• DATA BLOCK:
========
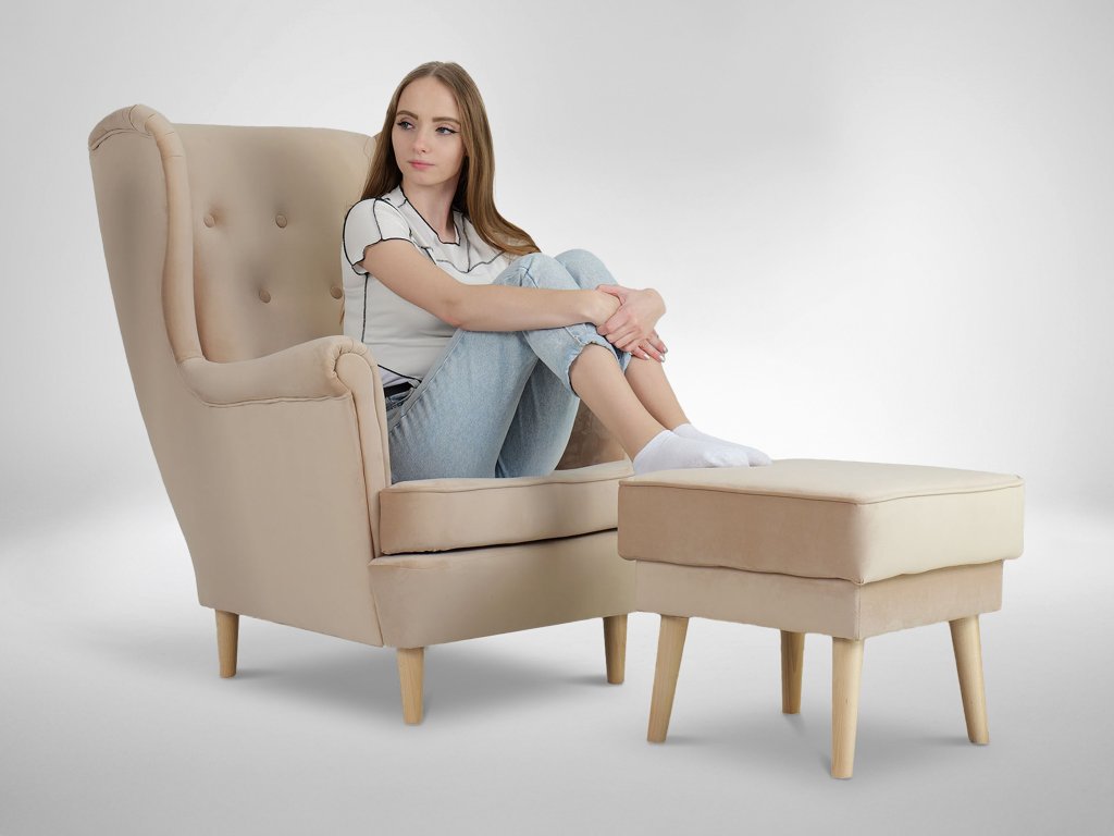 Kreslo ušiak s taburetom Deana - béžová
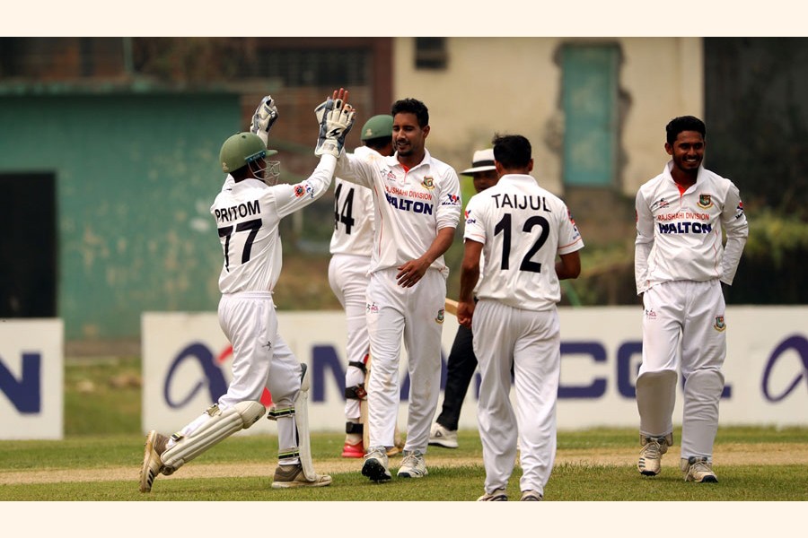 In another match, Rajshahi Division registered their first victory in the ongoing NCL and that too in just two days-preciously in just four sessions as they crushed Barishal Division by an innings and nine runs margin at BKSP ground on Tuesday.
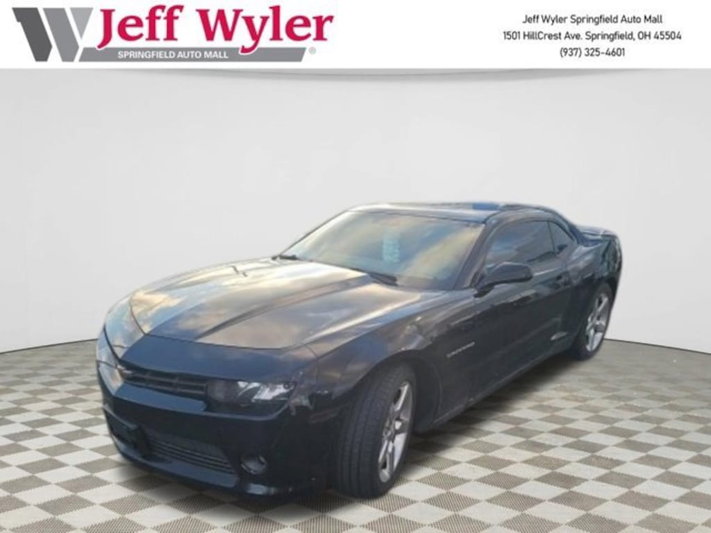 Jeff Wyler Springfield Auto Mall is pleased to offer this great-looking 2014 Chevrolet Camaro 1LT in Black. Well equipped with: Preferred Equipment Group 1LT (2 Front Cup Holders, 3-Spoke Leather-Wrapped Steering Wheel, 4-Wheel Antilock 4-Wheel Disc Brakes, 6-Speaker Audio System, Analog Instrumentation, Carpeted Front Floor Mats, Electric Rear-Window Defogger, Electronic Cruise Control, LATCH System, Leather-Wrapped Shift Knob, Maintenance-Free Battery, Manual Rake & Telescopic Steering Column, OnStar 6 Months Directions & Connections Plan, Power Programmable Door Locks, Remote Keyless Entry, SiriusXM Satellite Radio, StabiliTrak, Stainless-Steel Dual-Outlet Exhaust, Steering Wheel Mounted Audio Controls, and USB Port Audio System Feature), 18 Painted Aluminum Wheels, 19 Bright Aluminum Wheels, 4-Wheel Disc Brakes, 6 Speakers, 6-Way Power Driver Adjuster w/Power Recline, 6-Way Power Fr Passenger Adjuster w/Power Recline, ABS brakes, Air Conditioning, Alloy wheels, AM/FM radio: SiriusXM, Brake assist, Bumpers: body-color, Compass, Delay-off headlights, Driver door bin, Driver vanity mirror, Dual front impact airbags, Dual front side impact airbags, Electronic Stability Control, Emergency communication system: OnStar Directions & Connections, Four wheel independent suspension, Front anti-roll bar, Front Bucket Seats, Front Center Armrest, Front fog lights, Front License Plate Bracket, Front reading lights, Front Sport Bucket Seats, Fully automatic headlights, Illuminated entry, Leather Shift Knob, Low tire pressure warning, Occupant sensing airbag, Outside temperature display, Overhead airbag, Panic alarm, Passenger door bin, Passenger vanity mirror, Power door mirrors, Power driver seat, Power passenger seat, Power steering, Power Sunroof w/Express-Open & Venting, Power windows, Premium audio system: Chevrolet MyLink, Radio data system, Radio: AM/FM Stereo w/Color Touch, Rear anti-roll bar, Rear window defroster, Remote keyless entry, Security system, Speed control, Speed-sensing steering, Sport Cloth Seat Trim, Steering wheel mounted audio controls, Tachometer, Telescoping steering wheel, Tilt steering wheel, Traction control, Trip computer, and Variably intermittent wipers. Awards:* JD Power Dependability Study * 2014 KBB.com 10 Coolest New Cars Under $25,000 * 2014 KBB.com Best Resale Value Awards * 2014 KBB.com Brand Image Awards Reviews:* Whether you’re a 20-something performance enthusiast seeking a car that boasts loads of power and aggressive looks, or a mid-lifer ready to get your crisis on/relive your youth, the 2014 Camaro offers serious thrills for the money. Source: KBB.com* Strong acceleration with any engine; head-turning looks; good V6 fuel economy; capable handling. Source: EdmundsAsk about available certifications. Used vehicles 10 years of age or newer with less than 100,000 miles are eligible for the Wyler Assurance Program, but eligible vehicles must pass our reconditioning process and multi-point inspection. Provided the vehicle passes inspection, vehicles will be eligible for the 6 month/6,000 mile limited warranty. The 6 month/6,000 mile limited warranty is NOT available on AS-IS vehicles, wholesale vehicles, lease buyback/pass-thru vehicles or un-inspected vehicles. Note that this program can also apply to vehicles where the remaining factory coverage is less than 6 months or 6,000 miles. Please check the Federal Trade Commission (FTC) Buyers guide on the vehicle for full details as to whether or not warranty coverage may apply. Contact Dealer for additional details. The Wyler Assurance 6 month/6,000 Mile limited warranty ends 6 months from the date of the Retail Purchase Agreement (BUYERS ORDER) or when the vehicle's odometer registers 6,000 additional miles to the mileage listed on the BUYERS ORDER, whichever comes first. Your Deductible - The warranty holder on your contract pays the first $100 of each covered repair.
========
• ASSIGNMENT: Leave out any pictures and return exactly the lines from the beginning of the data through the line with "In another match, Rajshahi", inclusive.

• ANSWER SPACE:
 Kreslo ušiak s taburetom Deana - béžová
 In another match, Rajshahi Division registered their first victory in the ongoing NCL and that too in just two days-preciously in just four sessions as they crushed Barishal Division by an innings and nine runs margin at BKSP ground on Tuesday.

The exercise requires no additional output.